# Massey35 backfire on shutoff



## westport109 (Jan 17, 2016)

Hi everyone
My MF35 gas runs pretty well. I replaced the thermostat this summer as I saw little if any coolant movement. During the process I had to replace the fuel bowl assembly as the valve would not shut off the fuel. The aftermarket unit drips, but the valve works and fuel is shut off when not running. My routine is to turn the valve on, do my thing, turn the valve off. I now get a major backfire about 3 seconds after ignition shutoff. Fuel still on. I also get a slight miss while driving. No smoke. Easy start. Wondering if I am not opening valve enough. I go about 1/2 turn. Too much? Too little? It is for doing snow on our road with a rear blade and does little work in the summer.
Any advice is greatly appreciated. 



Sent from my iPad using Tractor Forum


----------



## HarveyW (Sep 15, 2014)

I'll give you a layman's explanation..... Your exhaust system has a carbon buildup that is very hot (maybe glowing) from exhaust heat. When you turn the key off, the engine continues to rotate for a few cycles as it coasts to a stop. During this process, unburned gas/air mix is pumped into the exhaust system. For some reason, it takes a second or two to ignite. I have a Honda engine on a pressure washer that does the same thing.


----------



## BigT (Sep 15, 2014)

Found the following statement on the internet: "Allowing the engine to idle from 30-60 seconds before turning the key to the OFF position will generally prevent this after fire condition."

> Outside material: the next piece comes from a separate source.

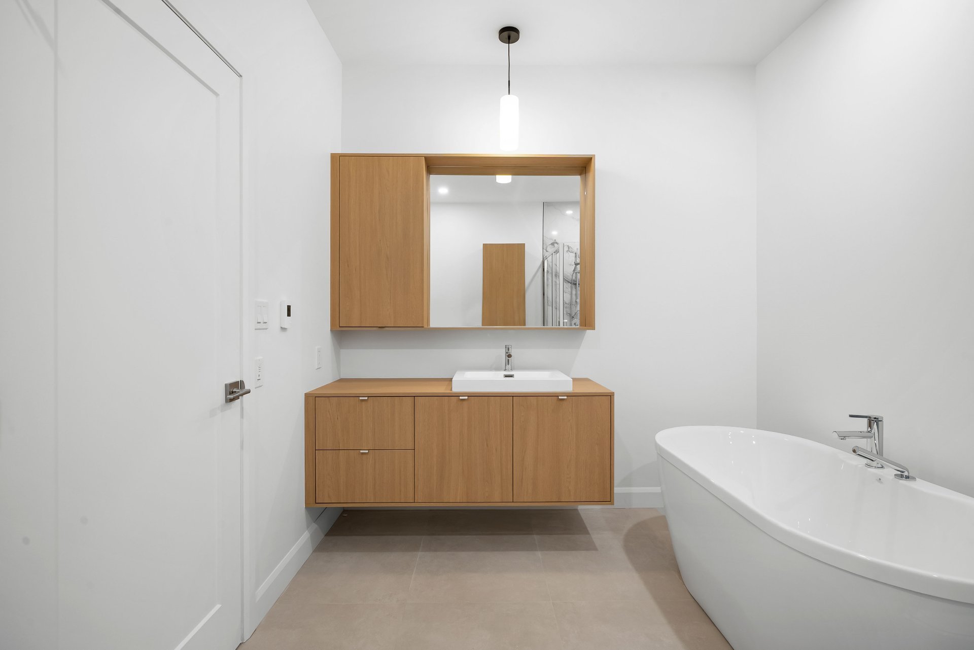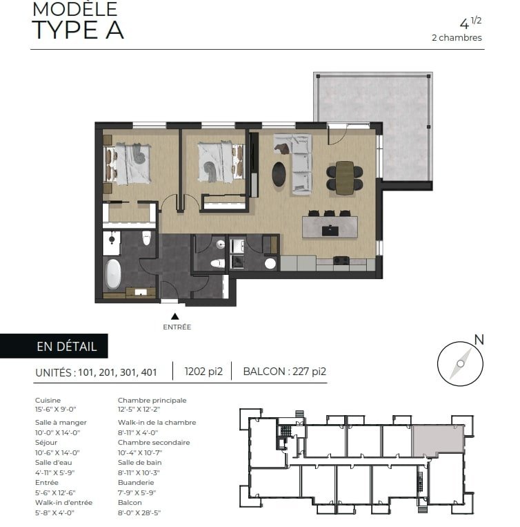 Chaque unité est conçue avec des matériaux de qualité et des finitions soignées, incluant comptoirs en quartz, plancher radiant dans la salle de bain, grand walk-in, vaste patio et station lave-auto.

Also, alcohol (ethanol) ignites at a lesser temperature than gasoline. If you can get gas without ethanol, it might help this after-fire condition.


----------



## John Liebermann (Sep 17, 2018)

BigT said:


> Found the following statement on the internet: "Allowing the engine to idle from 30-60 seconds before turning the key to the OFF position will generally prevent this after fire condition."
> 
> Also, alcohol (ethanol) ignites at a lesser temperature than gasoline. If you can get gas without ethanol, it might help this after-fire condition.


This should be a practice on all engine after working them. The cylinders need to cool down.


----------